So, I got ds tested at an allergy clinic and feel quite sad at the results :(

27 replies

VelvetCushions · 23/05/2009 18:45

I knew he had some allergies from his reactions but now its been confirmed, I feel really upset for him.
I'm sure I'll get used to it but he tested skin test positive to milk, egg, fish, lentils and nuts. Its unlikely he'll grow out of fish, nuts and lentils. They are very likely to get worse.
I feel quite angry too that there are so many children with serious allergies now (confirmed by the private dr I saw) and there seems to be very little resource given to it. 'They' must know what is triggering these allergies, probably some of the vaccinations. Why does it seem like nothing being done?
Rant over.

OP posts:
mumblecrumble · 23/05/2009 21:03

Oh that's so rubbish, so sorry.

Its true. More should be done.

AcademicMum · 23/05/2009 23:33

The medical world still doesn't know much about allergies, what starts them etc etc. Just look at all the conflicting advice: don't eat peanuts whilst preg/eat peanuts etc. Thing is, no-one really has definative answers just lots of good guesses.

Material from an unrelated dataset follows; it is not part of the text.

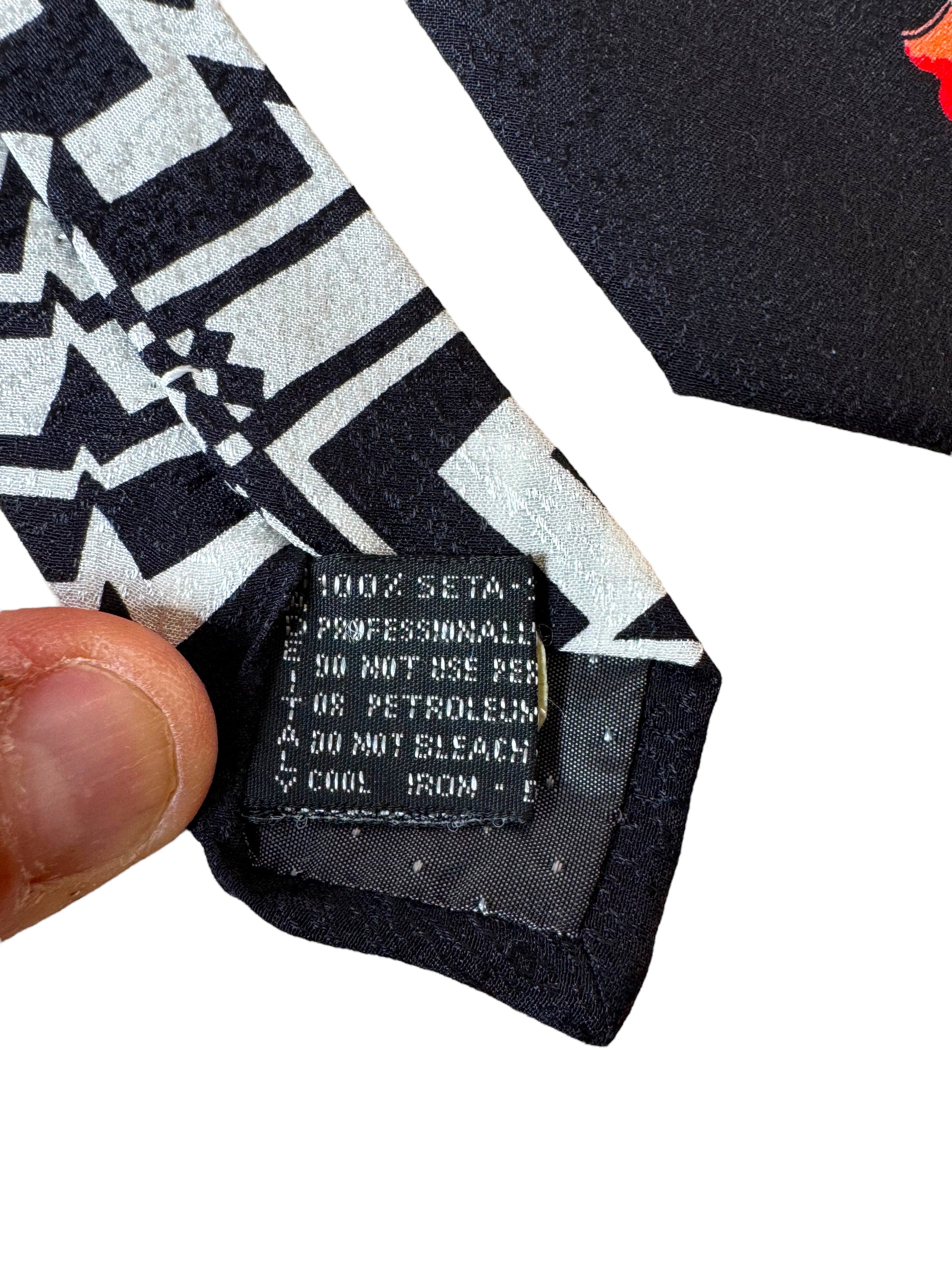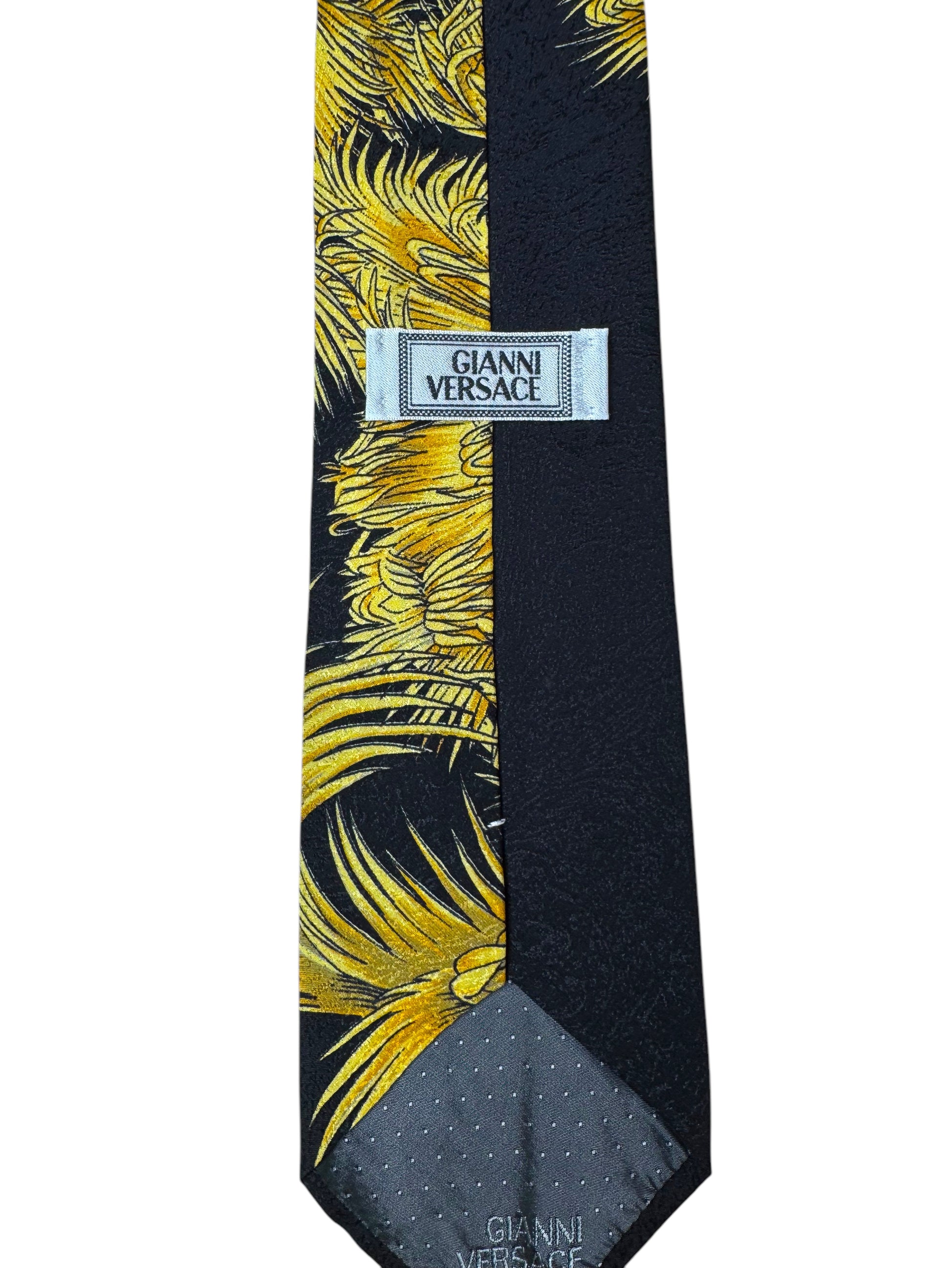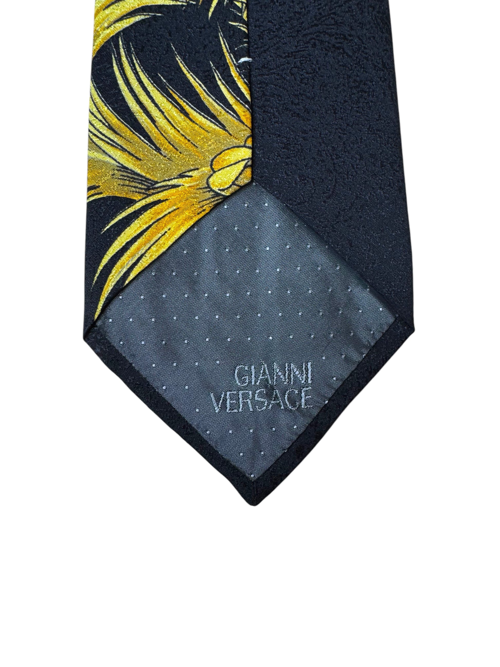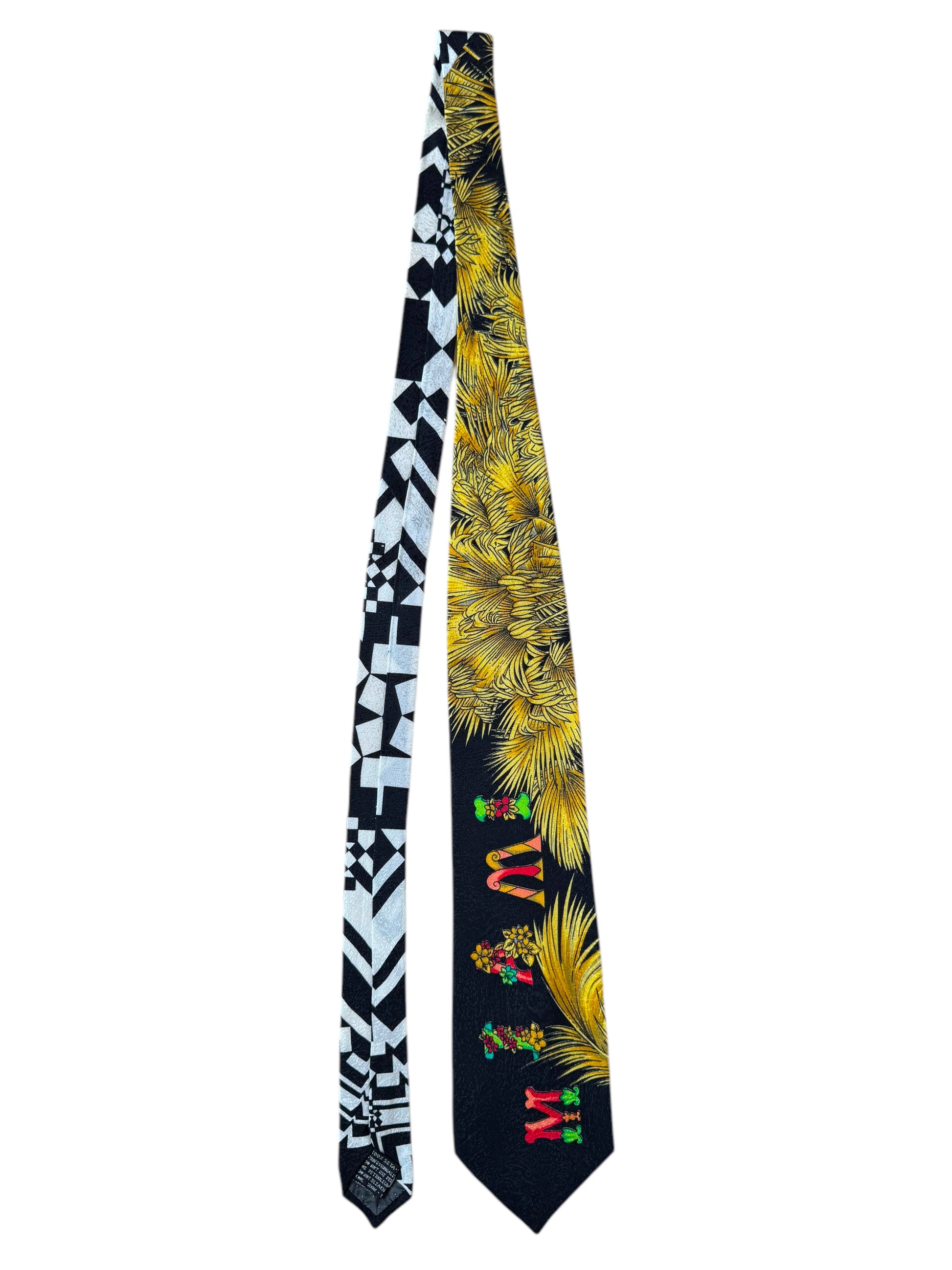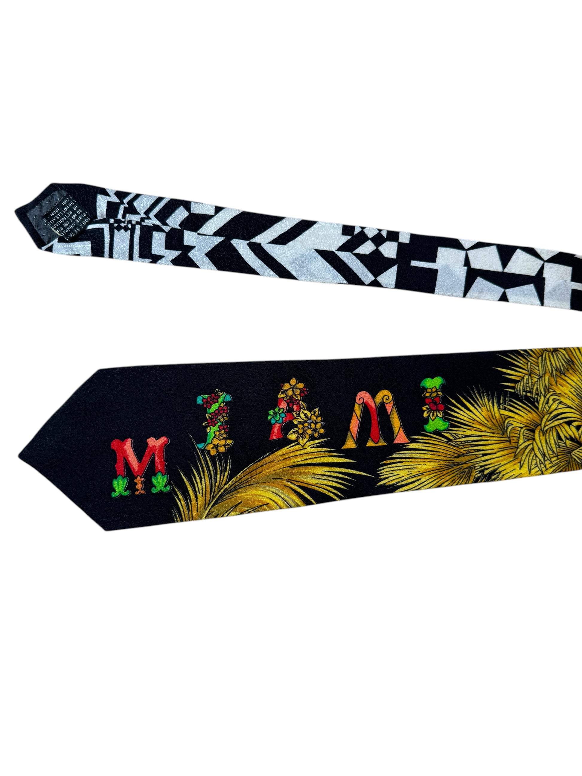 Cravatta originale Gianni Versace, realizzata in 100% seta, dal design audace e iconico. Presenta un motivo tropicale con palme dorate su sfondo nero e la scritta “MIAMI” decorata con fiori colorati. Il retro della cravatta propone un contrastante motivo geometrico in bianco e nero, che la rende unica e distintiva. Etichette originali presenti sul retro e sulla fodera.

What annoys me is just how blase GPs are about allergies. With ds1 we nagged and nagged and finally got a referal when he was aged 3 (now confirmed allergies to eggs, nuts, all pollen, kiwi). With ds2 he had (in hindsight) classical symptoms for dairy allergy and yet even when he got a reaction to his first half oz of formula the GP still dismissed it .

I don't agree with you about the vaccinations though - no scientific evidence for this. DS2 had really had eczema from birth, which at 12 months is now completely clear and has been since we discovered his dairy allergy.

trixymalixy · 23/05/2009 23:48

I was really depressed by my DS's allergies being confirmed by testing. I was pretty certain he was allergic to everything he was tested for, so it wasn't really a surprise, but I guess there was a little bit of hope at the back of my mind that I was just being paranoid and he wasn't realy allergic.

So I can totally empathise with you. It is totally rubbish.

I totally agree that more esources should be spent on understanding allergies.

I am quite hopeful about the success that there seems to have been with desensitising recently.

PinkTulips · 23/05/2009 23:56

my theory is that we're fighting natural selection.

dp has severe asthma and eczema, without inhalers he'd be dead at the age of 8 when he has his first violent attack. but he was saved by modern medicine and passed on his atopic genes to our kids.

dd is cow's milk and wheat intolerant, ds1 was cow's milk intolerant but grew out of it, both have mild eczema flare ups occasionally and all 3 kids have at least a 1/3 chance of developing asthma.

ds2 has a hugely increased chance of it actually, he had pneumonia at birth so has about a 2/3 chance of asthma

i'm so sorry for your ds at least he can have ce cream and cake though [frantically looks on bright side]

VelvetCushions · 24/05/2009 10:33

Thanks for the kind words and support.

(I actually do think that some vaccinations can trigger something in some childrens immune systems. There's been research done in the link between peanut oil in vaccines and the rise in nut allergies, but thats a different topic.)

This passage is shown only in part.